- WORK REQUIRED: Repeat all of the data word for word so that only the pictures are missing from the copy.

- STORED DATA:

-*-

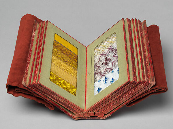 - Medium: Cloth cover binding. Twelve double boards cloth hinged with embedded glass samples
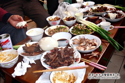 ▼ 吃飯,當然就要配酒囉,在大陸的男生有二種是必備的,就是喝酒+抽煙,而且每餐飯都一定要配酒,好像不喝就吃不下菜一樣。
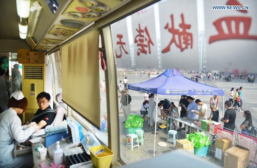People queue to donate blood outside a blood donation bus at Tianjin Railway Station in Tianjin, north China, Aug. 13, 2015. The death toll has climbed to 44 from two massive blasts that ripped through a warehouse in north China's port city of Tianjin as of Thursday noon, according to rescue headquarters. Twelve firefighters were among the dead. (Xinhua/Yang Baosen) |

-*-

- ANSWER AREA:
 - Medium: Cloth cover binding. Twelve double boards cloth hinged with embedded glass samples
 ▼ 吃飯,當然就要配酒囉,在大陸的男生有二種是必備的,就是喝酒+抽煙,而且每餐飯都一定要配酒,好像不喝就吃不下菜一樣。
People queue to donate blood outside a blood donation bus at Tianjin Railway Station in Tianjin, north China, Aug. 13, 2015. The death toll has climbed to 44 from two massive blasts that ripped through a warehouse in north China's port city of Tianjin as of Thursday noon, according to rescue headquarters. Twelve firefighters were among the dead. (Xinhua/Yang Baosen) |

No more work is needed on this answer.